Piriformis syndrome is a relatively uncommon neuromuscular disorder caused whenever the piriformis muscle causes the sciatic nerve to become compressed. The muscle is a pear-shaped muscle located near the top part of the hip joint in the buttocks. Piriformis literally means “pear-shaped muscle” and it is located in the middle of the buttock. It is an important component to lower body movement because it helps to stabilize the hip joint and rotates and lifts the thigh away from the body. It allows you to walk, maintain balance and shift weight from one leg to another. The muscle tends to be used quite frequently in sporting activities involving rotating and lifting the thighs. Essentially, the muscle is used for almost every movement involving the legs and hips. The sciatic nerve is a long, thick nerve in your body. It passes along the piriformis muscle, runs down the back of the leg and branches off into the smaller nerves ending in the feet. Compression of the nerves might be caused from spasms in the piriformis muscle. Whenever you suffer with back pain, there is a chance that the piriformis can go into spasm. The buttock muscles tighten up, and this can cause referred pain into the back of the leg and down to the foot. However, sometimes there is a genetic variation with the muscle and the sciatic nerve whereby the nerve actually pierces through the muscle, and this is thought to occur in 7% of the population and makes piriformis syndrome more likely. However, there is no way to accurately determine if this is the case in any particular patient. Piriformis syndrome is difficult to diagnose, and most commonly is diagnosed by case history by a doctor or therapist. Sometimes it is diagnosed after other more common causes of sciatica are ruled out, such as a disc prolapse (slipped disc). MRI scans do not tend to show piriformis syndrome, but they do show trapped nerves in the spine which may actually be causing the sciatica.

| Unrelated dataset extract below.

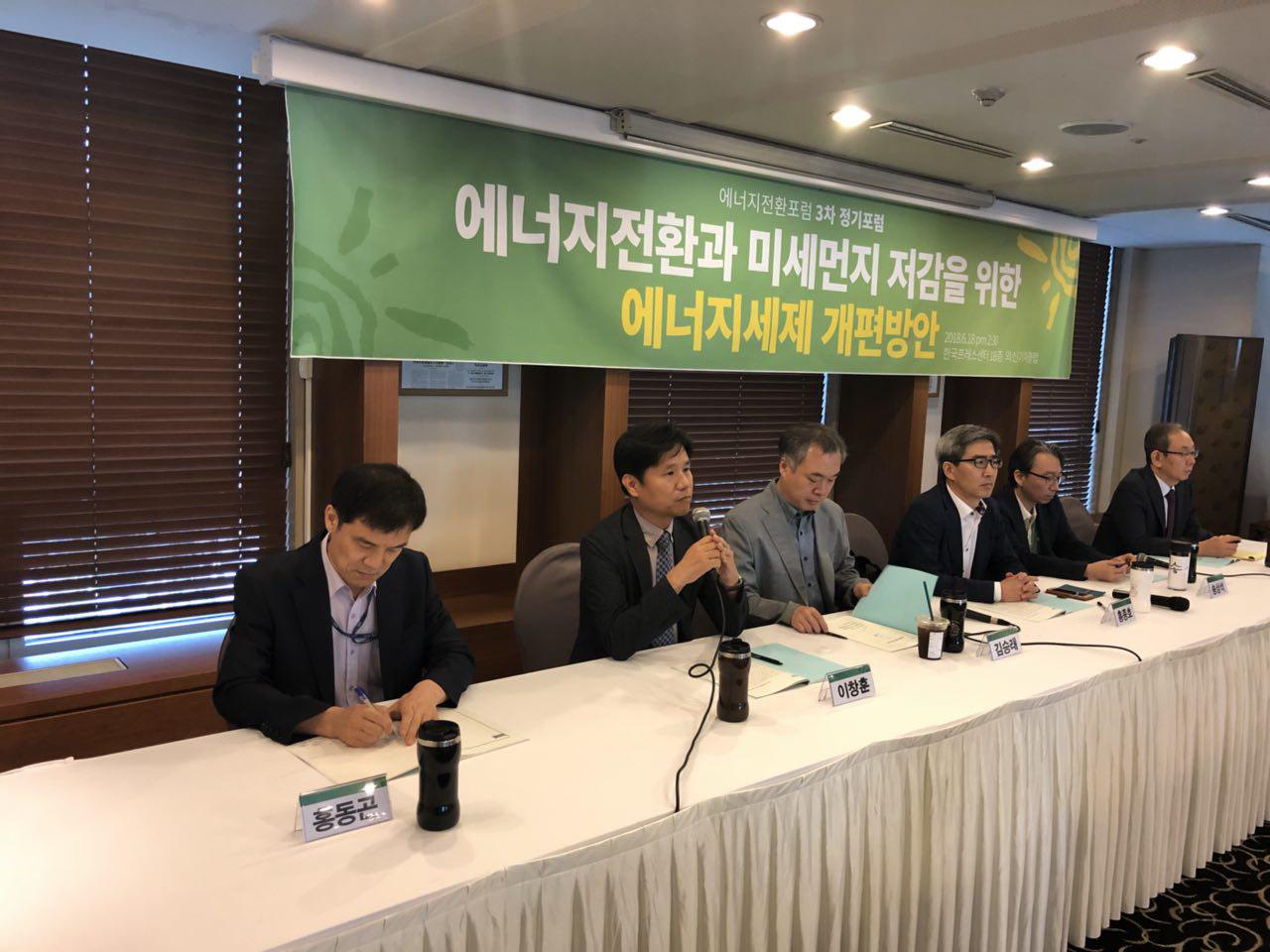 사단법인 에너지전환포럼은 6월 18일 오후 2시반, 프레스 센터 18층에서 ‘에너지전환과 미세먼지 저감을 위한 에너지세제 개편방안’이라는 내용으로 3차 정기포럼을 열었다.

How to Treat Piriformis Syndrome:

  1. Rest Avoid those activities causing pain, whether that be sitting or actually moving around and doing something. Find a position that doesn’t cause a lot of pain.

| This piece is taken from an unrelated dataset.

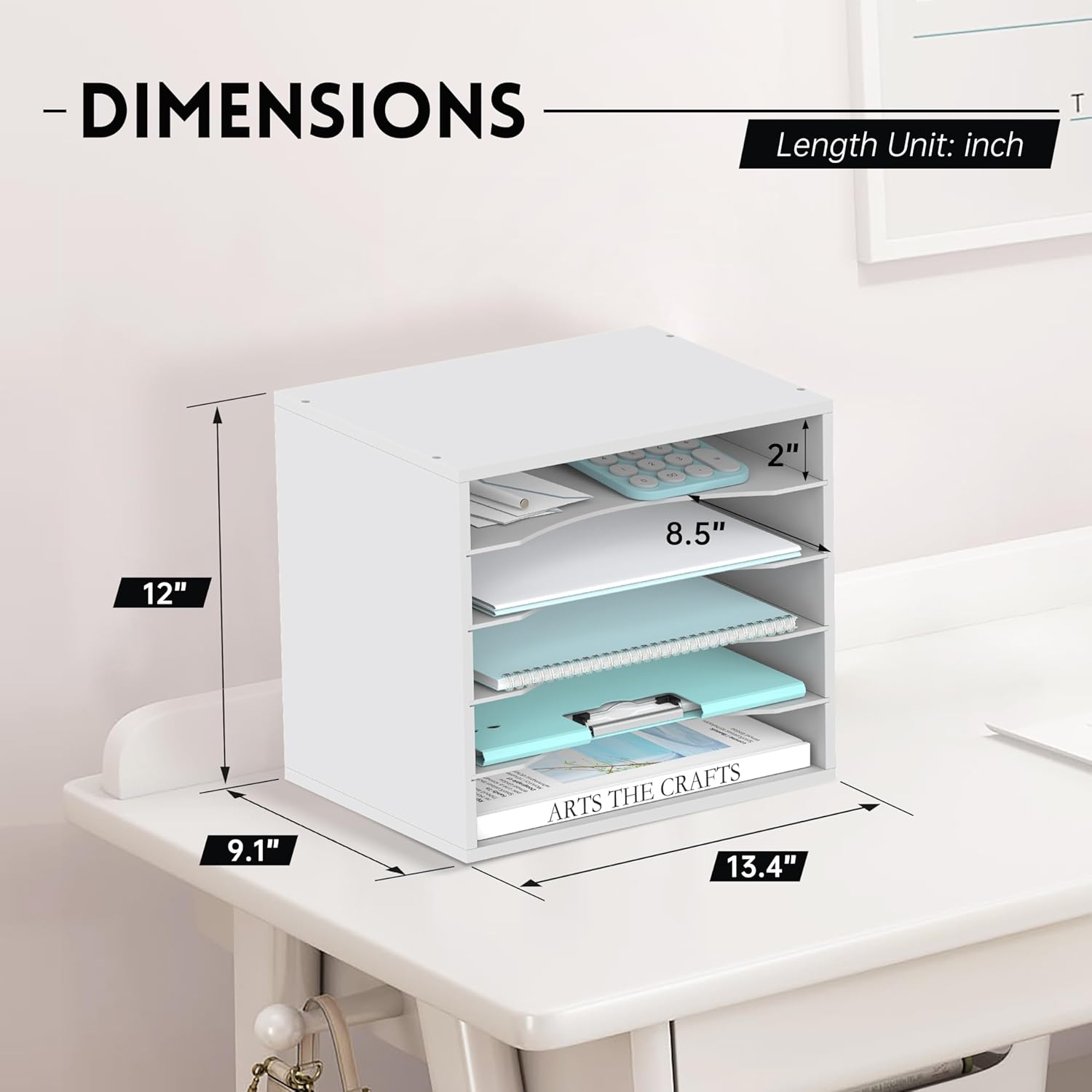 SUPEASY Wood Desk Organizer, 5 Tier Paper File Organizer for Desk, Wooden Desktop Organizer, Paper Letter Literature Mail Sorter, for Office School & Home Organization, White

  2. Ice Apply ice to the affected area for 5-10 minutes at a time three to five times per day. Make sure to wrap the ice in a thin towel to avoid an ice burn on the skin. Ice helps to alleviate inflammation and pain in the affected area.
  3. Physical Therapy The therapist might recommend that you go through a program of stretches and exercises to help reduce the compression on the sciatic nerve. As the compression levels decline, the pain in the area will begin to decline. Physical therapy is probably the most effective way to treat the condition. Your therapist will massage into the piriformis muscle using their fingers or commonly an elbow. If this replicates pain into the back of your leg, it is possible that you do actually have this condition.
  4. Acupuncture Acupuncture using a long needle into the belly of the piriformis can reduce sciatic pain and muscle spasm. It can be remarkably successful in stubborn cases of piriformis syndrome.
  5. Injections Cortico-steroid injections around the buttock may help reduce inflammation. Some people have also tried Botox injections to decrease pain.

Tips:  Before participating in any sporting activities, make sure you are properly warmed up.  Avoid running on any uneven surfaces or exercising on a hill unless you are more experienced.  Increase intensity slowly when participating in any exercise routine.  When exercising, running or walking, always use proper posture. If you are not sure, discuss with a sports coach.  If you notice pain when performing an activity, stop doing the activity until you notice the pain is no longer present in the affected area.  See a therapist and ask them to deeply massage the buttock. If you have piriformis syndrome you will often notice quite a significant improvement in symptoms.